Method Total Tokens Relative Speed
MCTS Multiple rollouts
SPARE Single-pass generation 2.3×

Key Findings

  • SPARE and MCTS are complementary: SPARE yields higher precision but slightly lower recall; MCTS yields higher recall but slightly lower precision—ensembling the two is a natural extension.
  • OOD generalization with only 16% of training data: Reference-guided alignment substantially reduces data requirements, suggesting that step alignment is more important than annotation volume.
  • Cross-task generalization: Consistent effectiveness across four diverse reasoning types—mathematical reasoning (GSM8K/MATH), multi-hop QA (MuSiQue), and spatial reasoning (SpaRP).
  • Explicit reasoning improves annotation quality: Requiring the LLM to explain each step's judgment yields more reliable and interpretable annotations.

Highlights & Insights

  • Single-pass efficiency paradigm: Merging step alignment and evaluation into a single LLM call, rather than evaluating each step independently, yields substantial computational gains.
  • Secondary reuse of SFT data: Reference solutions are used for training during SFT and again for evaluation during annotation—an elegant zero-cost data reuse design.
  • Analogy to NLI: Step evaluation is framed as natural language inference with evidence localization, offering a new theoretical perspective on process supervision.
  • Practical value of precision–recall complementarity: Ensembling SPARE with MCTS may represent the most effective combined solution.

Limitations & Future Work

  • Dependent on reference solution quality—errors in reference solutions (e.g., known annotation noise in MATH) propagate into the annotations.
  • Step granularity mismatch may hinder alignment—a single candidate step may correspond to multiple reference steps, complicating alignment.
  • ICL is constrained by context window length—very long reasoning chains may not be fully processed in a single generation.
  • Evaluation is limited to mathematical, QA, and spatial reasoning tasks; other multi-step reasoning domains such as code generation remain unexplored.
  • Ensemble strategies combining SPARE and MCTS warrant further investigation.
  • vs.
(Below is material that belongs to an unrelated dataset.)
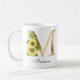 Marquage en or monogrammé avec mug initial tournesol, cadeau de Noël ou d'anniversaire idéal pour une fille, une mère, une tante ou une sœur. Personnalisé avec la lettre monogrammée M et un nom. D'autres lettres sont disponibles dans ma boutique.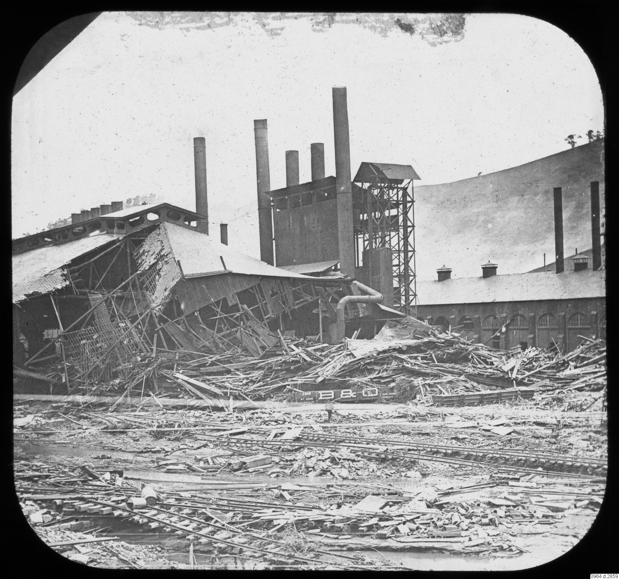 South Fork dammen brast,"Flood of Johnstown", 1889. Skadorna på Cambria Iron Works. Appalachian Plateau.

MCTS-based methods (Math-Shepherd, OmegaPRM): MCTS infers step quality from final outcomes via multiple rollouts per step—computationally expensive but with high recall. SPARE uses direct reference alignment for evaluation, achieving 2.3× speedup at the cost of slightly lower recall. The two approaches are complementary.
  • vs. GenRM (Zhang et al. 2025): GenRM uses a stronger model to generate synthetic reasoning traces as reference; it functions as an ORM rather than a true PRM. SPARE provides genuine step-level process supervision without requiring a stronger teacher model.
  • vs. ThinkPRM (Khalifa 2025): ThinkPRM generates verification reasoning with a stronger model and additionally requires human step labels from PRM800K for filtering. SPARE requires no human step labels whatsoever.

Rating

  • Novelty: ⭐⭐⭐⭐ — Efficient single-pass joint alignment and evaluation design; novel approach to reusing reference solutions.
  • Experimental Thoroughness: ⭐⭐⭐⭐⭐ — Four diverse reasoning benchmarks, two downstream applications (PRM + RL), efficiency analysis, and complementarity analysis.
  • Writing Quality: ⭐⭐⭐⭐ — Clear architectural diagrams; the NLI analogy aids comprehension.
  • Value: ⭐⭐⭐⭐⭐ — Substantially reduces the cost of acquiring step-level process supervision, with direct practical utility for PRM training.